1. Introduction
Gastric xanthoma, also known as gastric xanthelasma, gastric lipid island, or reticuloendotheliosis of the stomach, presents endoscopically as raised, granular, yellowish lesions scattered across the gastric mucosal surface. Gastric xanthoma represents a proliferative response of histiocytes to plasma lipid alterations, constituting a non-neoplastic, reactive tumor-like hyperplastic lesion [1]. Orth first designated this condition as “gastric xanthoma” in 1887 [2]. In recent years, with the widespread adoption of gastrointestinal endoscopy and changes in environmental/dietary factors, the incidence and detection rates of gastric xanthoma have shown an increasing trend. Gastric xanthoma has been attracting increasing attention from researchers. The etiology and pathogenesis of gastric xanthoma remain incompletely understood, but may be associated with chronic gastritis, Helicobacter pylori (H. pylori) infection, diabetes mellitus, and hyperlipidemia. This article elaborates on gastric xanthoma regarding its etiology, pathogenesis, epidemiology, diagnosis, and treatment.
2. Epidemiology
The incidence of gastric xanthelasma exhibits regional variations and can occur across all age groups. Its prevalence shows a positive correlation with age, with the highest incidence observed in individuals aged 50 - 70 years. Additionally, the condition is more common in males than in females [3]. Anatomically, gastric xanthelasma predominantly occurs in the gastric antrum [4]. Recent years have witnessed a significant increase in the detection rate of gastric xanthomas, potentially attributable to the widespread adoption of endoscopy, advancements in endoscopic equipment and techniques, as well as changes in environmental and dietary factors.
3. Diagnosis
Gastric xanthomas lack typical clinical manifestations and are usually asymptomatic. They are often incidentally detected during gastroscopy in some patients due to various reasons. The diagnosis of gastric xanthomas primarily relies on endoscopic examination and histopathological evaluation. Endoscopically, typical gastric xanthomas present as yellowish-white nodules or plaques, which may be solitary or multiple, measuring approximately 1 - 10 mm in size, with a rough surface and well-defined margins [5]. The characteristic histopathological manifestation of gastric xanthomas consists of lipid-laden mononuclear cells and macrophages transformed into foam cells, which aggregate in clusters within the mucosa and submucosa, as observed under light microscopy [6]. However, differentiation from certain malignant tumors (e.g., signet-ring cell carcinoma [7]) is essential. In diagnostically challenging cases, further histological and immunohistochemical staining should be performed. The diagnostic value of CD68 or other macrophage markers is relatively high, when routine histology is equivocal.

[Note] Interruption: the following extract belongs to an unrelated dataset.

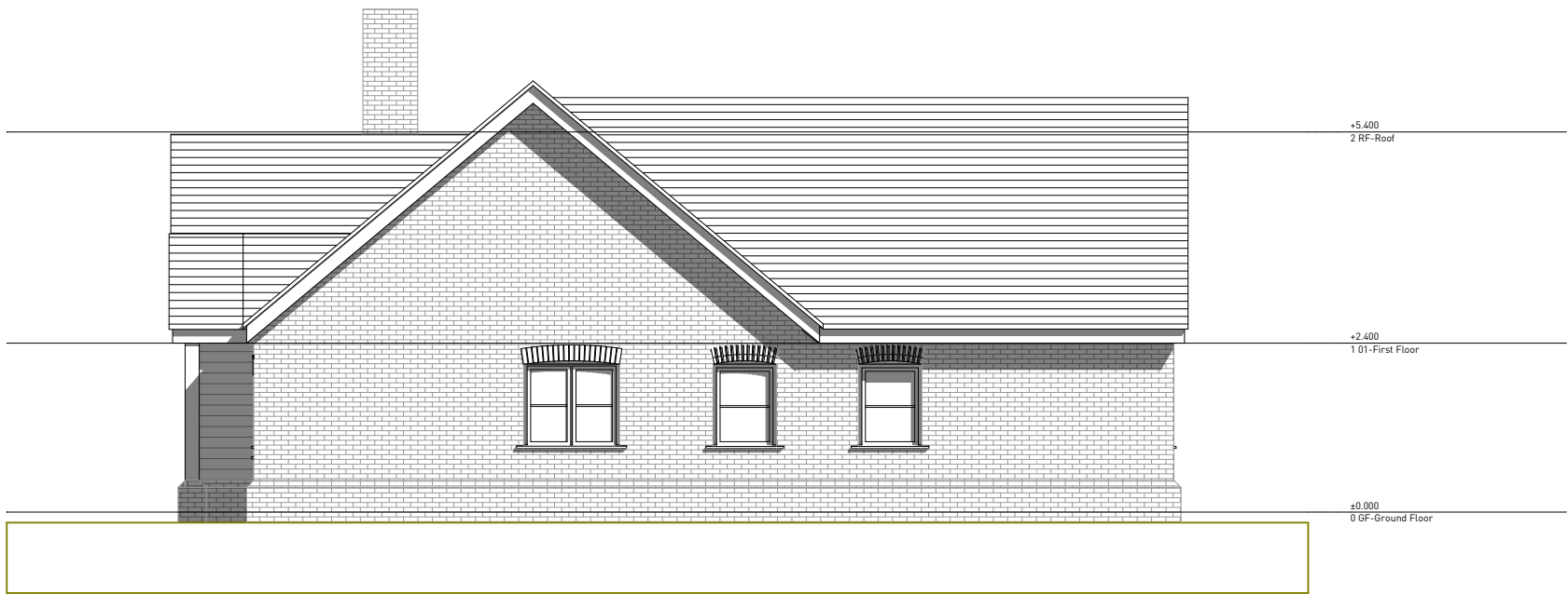
4 Elevation 1:100

4. Etiology and Pathogenesis of Gastric Xanthelasma
The exact etiology and pathogenesis of gastric xanthomas remain incompletely understood. However, current research suggests several plausible mechanisms.

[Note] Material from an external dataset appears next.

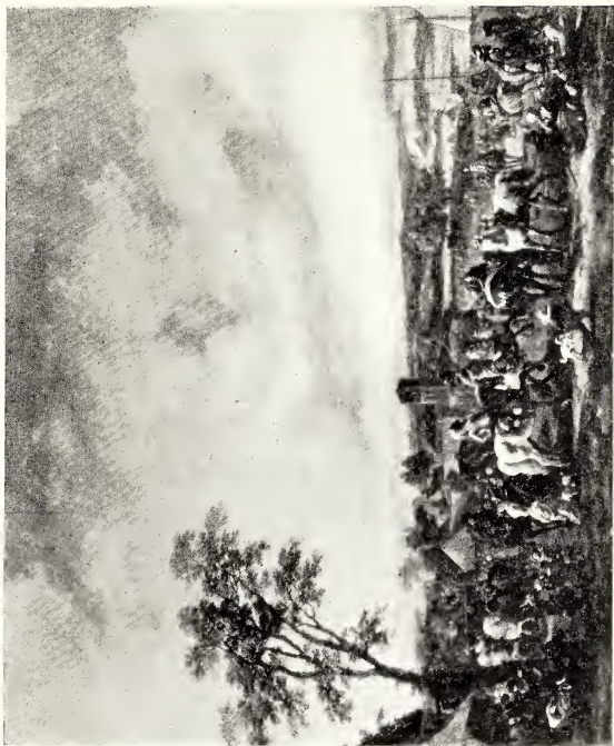
A HORSE FAIR ( Buckingham Palace, London )

4.1. Disordered Lipid Metabolism
Whether abnormal lipid metabolism is an etiological factor for gastric xanthomas remains controversial. Previous reports have documented cases where xanthomas spontaneously regressed after correction of underlying dyslipidemia. However, studies have also demonstrated that patients with gastric xanthomas often exhibit no significant abnormalities in serum lipid levels. Several studies [4] [8] have demonstrated that patients with gastric xanthomas exhibit significantly elevated triglycerides (TG) and low-density lipoprotein (LDL) levels, along with reduced high-density lipoprotein (HDL), compared to those without gastric xanthomas. Nevertheless, definitive conclusions have not been reached, considering factors such as discrepancies in sample sizes and study heterogeneity. It is generally hypothesized that abnormal lipid metabolism may facilitate the translocation of lipoproteins from gastric mucosal capillaries into the intercellular spaces of the gastric mucosa or submucosa, where they undergo oxidation by reactive oxygen species (ROS) to form oxidized lipoproteins. Subsequently, through chemotactic mechanisms, these oxidized lipoproteins migrate into the intercellular spaces, where they are phagocytosed by monocytes and macrophages, ultimately transforming into foam cells. Accumulation of numerous foam cells ultimately forms gastric xanthelasma [9]. However, some researchers propose that localized tissue damage and degeneration in the gastric mucosa lead to intracellular lipid accumulation within mucosal epithelial cells, subsequently forming gastric xanthelasma [10].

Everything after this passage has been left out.